Notto Thelle, a Norwegian theologian relates this encounter:
Zen Master: Why have you come here? You Christians also have meditation and prayer.
Thelle: “Yes we do, but I wanted to see what Buddhists had to teach us.”
Zen Master: “Why are you so keen to learn about Buddhism–or indeed about Christianity?”
Thelle sat in silence for a while.
Zen Master: “It is raining outside tonight.”
They sat in silence. The rain fell gently on the moss and herbs in the monastery garden. Then came THE question.
Zen Master: “Is it Buddhism or Chrisianity that is raining?”
“All your theoretical thoughts about Buddhism and Christianity are separating you from the simple and fundamental matter.”
Self-styled atheist: “Jesus is a lot like Elvis to me. I love the guy. It’s his fan clubs that freak me out.”
Same atheist: “I wish all those suburban Christians would spend less energy in worshipping Jesus as God and more on living like Jesus.”
Bastami, an Iranian Sufi: “The thickest veils between the human being and God are the wise man’s wisdom, the worshipper’s worship, and the devotion of the devout.”
The Jesuit Desideri came to Lhasa in Tibet in 1716, one of the earliest Europeans to have reached Lhasa, He was granted permission to preach. Many came to talk with him because they were interested in what he had to say. Meanwhile, at almost the same time, Protestant Hugenots were driven from France by the Catholics and their books were burned.
Abraham Maslow:
“When the only tool you have is a hammer, every problem looks like a nail.”
Exactly who are you? What is the self? What is your identity? These three are really only one question which every spiritual tradition puts at the center of what it proposes. Society answers this question also: it gives you a number(actually many numbers); it points at you with a certain name and a certain description; it invites you to be unique through its various accouterments; it urges you to promote yourself through a resume; it holds up a mirror of pop culture for you to look at yourself and hopefully to gain approval; etc. etc.
Now the various spiritual traditions deal with the “problem of the self” in different ways and the language can seem non-comparable, as if they were actually speaking of different things. But there is an underlying commonality that needs to be pondered a bit–we certainly don’t want to be simplistic and say that all traditions are saying the same thing, but if we work at it we might discover some important points of this commonality.
There is a fancy, slick magazine with an ad that says: BE SOMEBODY .
Exactly what else can you be? And why do you need their product for that? But of course they are pointing at a false self, a construct of the ego that continually needs this or that product to prop it up. Advertising, marketing, capitalism as a whole is based on a false self and on keeping you focused on that false self.

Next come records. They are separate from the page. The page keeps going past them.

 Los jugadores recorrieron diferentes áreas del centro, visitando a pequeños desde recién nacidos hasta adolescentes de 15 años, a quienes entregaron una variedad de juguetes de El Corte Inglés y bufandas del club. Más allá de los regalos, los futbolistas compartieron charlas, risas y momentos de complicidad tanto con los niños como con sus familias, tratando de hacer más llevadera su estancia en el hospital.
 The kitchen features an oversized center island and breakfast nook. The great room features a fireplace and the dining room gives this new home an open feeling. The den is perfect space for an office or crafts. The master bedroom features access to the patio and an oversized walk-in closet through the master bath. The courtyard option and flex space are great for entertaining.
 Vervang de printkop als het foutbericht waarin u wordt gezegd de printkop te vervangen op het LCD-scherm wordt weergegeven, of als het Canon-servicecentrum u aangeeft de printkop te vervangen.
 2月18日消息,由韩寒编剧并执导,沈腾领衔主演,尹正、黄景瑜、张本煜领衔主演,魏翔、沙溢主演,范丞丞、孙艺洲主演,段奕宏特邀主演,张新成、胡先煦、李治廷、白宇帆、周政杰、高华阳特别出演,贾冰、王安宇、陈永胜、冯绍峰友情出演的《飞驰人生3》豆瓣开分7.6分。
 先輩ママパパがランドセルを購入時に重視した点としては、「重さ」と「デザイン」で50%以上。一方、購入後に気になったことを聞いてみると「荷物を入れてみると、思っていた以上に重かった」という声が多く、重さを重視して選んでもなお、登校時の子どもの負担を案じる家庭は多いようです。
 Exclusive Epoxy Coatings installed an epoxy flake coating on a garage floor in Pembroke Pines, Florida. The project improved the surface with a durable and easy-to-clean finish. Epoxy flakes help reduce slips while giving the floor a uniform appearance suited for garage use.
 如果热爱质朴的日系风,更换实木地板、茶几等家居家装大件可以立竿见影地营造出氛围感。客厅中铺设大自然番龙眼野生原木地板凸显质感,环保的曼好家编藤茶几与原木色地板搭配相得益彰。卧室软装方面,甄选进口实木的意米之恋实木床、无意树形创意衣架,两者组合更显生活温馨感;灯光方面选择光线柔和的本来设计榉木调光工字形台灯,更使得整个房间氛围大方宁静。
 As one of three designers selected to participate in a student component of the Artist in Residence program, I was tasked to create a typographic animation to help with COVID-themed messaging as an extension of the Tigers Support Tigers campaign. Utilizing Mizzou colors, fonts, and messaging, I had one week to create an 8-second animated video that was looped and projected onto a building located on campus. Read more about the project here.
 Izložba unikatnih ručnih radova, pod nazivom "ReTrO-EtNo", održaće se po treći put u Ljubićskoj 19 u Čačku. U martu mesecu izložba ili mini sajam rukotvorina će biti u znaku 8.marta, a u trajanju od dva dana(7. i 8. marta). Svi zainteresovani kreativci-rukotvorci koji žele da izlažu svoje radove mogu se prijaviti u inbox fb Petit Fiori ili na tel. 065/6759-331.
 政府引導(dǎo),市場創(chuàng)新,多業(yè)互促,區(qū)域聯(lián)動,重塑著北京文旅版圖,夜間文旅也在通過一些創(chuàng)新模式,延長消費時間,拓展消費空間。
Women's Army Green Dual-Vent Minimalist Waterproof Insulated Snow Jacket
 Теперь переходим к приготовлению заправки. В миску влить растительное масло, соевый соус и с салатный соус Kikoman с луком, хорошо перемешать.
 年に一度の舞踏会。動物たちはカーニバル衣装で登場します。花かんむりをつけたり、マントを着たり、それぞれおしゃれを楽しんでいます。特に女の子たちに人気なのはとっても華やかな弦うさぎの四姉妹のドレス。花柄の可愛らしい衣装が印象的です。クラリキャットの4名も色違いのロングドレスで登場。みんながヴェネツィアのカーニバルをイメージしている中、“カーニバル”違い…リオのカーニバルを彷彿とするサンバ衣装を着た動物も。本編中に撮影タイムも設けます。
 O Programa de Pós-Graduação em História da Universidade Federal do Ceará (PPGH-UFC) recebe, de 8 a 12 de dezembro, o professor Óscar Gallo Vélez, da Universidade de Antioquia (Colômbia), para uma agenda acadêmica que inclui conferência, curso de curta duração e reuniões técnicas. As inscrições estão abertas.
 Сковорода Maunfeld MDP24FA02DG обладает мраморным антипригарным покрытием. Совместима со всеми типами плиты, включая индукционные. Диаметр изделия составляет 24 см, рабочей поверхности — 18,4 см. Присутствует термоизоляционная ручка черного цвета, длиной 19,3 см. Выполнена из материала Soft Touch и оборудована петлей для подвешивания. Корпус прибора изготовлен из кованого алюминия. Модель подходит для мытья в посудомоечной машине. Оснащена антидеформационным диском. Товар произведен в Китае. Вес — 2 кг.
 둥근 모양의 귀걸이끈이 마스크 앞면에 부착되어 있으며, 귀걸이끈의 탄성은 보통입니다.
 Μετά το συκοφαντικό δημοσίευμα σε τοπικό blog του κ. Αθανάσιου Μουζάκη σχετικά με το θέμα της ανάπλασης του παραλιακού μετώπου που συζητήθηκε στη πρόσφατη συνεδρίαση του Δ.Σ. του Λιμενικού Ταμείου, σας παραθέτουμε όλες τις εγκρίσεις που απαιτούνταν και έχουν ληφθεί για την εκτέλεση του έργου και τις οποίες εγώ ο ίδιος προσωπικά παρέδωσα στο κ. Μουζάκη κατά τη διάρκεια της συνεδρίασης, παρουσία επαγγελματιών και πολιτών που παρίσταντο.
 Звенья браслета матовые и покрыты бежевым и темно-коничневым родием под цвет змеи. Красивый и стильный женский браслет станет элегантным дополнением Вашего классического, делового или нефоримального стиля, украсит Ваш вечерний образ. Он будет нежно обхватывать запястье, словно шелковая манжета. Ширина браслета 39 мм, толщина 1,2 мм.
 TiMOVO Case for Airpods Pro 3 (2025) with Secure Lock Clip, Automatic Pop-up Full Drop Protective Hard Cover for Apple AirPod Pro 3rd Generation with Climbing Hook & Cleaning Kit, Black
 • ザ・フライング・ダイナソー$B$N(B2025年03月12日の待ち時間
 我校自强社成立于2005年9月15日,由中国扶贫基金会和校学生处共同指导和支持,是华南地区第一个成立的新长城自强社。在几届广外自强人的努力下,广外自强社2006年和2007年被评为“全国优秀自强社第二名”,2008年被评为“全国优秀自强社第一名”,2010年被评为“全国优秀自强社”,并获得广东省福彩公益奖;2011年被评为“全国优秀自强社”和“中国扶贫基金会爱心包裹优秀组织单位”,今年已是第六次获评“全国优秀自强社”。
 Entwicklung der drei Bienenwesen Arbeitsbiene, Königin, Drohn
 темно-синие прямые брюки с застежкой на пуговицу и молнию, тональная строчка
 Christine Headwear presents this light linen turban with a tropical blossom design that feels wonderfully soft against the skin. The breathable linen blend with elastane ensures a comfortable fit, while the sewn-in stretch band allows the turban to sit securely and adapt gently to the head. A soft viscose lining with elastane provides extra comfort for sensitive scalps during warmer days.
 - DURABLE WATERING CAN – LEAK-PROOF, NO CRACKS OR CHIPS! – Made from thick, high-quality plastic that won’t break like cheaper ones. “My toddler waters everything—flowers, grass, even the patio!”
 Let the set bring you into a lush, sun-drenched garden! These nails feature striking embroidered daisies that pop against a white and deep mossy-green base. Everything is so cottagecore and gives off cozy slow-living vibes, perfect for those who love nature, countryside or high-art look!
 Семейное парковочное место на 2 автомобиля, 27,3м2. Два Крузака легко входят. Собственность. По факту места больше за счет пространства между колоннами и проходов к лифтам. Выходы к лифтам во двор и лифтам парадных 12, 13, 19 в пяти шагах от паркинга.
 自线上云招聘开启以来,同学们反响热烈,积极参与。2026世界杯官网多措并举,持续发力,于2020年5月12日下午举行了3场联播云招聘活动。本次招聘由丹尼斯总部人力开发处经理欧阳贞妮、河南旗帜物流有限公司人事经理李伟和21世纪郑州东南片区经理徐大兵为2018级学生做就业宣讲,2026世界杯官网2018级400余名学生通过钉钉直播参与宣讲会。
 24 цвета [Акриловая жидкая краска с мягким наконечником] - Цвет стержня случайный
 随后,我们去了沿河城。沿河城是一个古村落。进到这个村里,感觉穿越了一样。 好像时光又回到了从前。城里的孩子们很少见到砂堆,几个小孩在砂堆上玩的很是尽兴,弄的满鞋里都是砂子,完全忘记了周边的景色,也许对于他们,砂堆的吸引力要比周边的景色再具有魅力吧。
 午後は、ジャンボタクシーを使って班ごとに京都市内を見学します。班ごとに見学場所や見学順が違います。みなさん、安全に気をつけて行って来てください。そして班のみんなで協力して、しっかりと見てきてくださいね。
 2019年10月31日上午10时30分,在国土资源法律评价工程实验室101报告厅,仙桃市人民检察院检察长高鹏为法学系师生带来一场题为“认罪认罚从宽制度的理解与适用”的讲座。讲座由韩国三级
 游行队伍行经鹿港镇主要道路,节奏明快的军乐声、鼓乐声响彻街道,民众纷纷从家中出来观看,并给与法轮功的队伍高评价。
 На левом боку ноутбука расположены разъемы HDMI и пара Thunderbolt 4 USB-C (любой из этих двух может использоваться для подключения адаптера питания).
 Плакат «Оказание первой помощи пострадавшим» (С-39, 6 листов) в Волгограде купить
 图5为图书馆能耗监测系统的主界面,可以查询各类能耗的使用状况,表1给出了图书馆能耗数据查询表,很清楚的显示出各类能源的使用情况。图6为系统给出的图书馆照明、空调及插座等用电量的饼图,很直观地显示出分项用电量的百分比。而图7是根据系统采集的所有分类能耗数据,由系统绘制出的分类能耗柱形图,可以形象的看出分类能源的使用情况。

John Daido Loori, an American Zen teacher: “So, what is the self? What is it that sits here? What is it that thinks and feels? What we usually call the ‘self’ is this bag of skin; we consider everything inside the bag of skin to be ‘me’ and everything outside of it to be the rest of the universe. When we separate ouselves from the rest of the universe, then, obviously, everything we need is out there, outside our self. And so, the consequences of the illusion of self are desire, thirst, craving, need–which in turn form the roots of suffering.”
The great Japanese Zen Master, Dogen: “The way of the Buddha is to know yourself, to know yourself is to forget yourself, to forget yourself is to be enlightened by all things.”
This is the Buddhist program in a nutshell. Of course each phrase of this statement needs a whole essay, but D.T. Suzuki has already written them!
This statement is an invitation to a sense of identity that is unbounded. And it is an invitation to live in the phenomenal world being aware of its incredible richness, beauty and mystery–because it no longer is mere material for your ego self to manipulate or exploit or possess.
The poet Robert Bly:
“The question is: Who is this whiny one inside us who wants to be happy all the time? In the Muslim tradition, that whiny one is called the nafs, which is the greedy soul. You can also call it the insatiable soul, the rapacious soul. That’s who’s running the war in Iraq right now, for example. The Sufis say the nafs is part of our ancient animal soul, which is determined to have food, power and sexuality and to stay alive, even to the detriment of those closest to us. So our spiritual life is a constant battle between the part of the soul that loves others and the part of the soul that will gladly eat them up in a moment.”
Sufis: When we reach perfect servanthood, it is God himself who says “I.”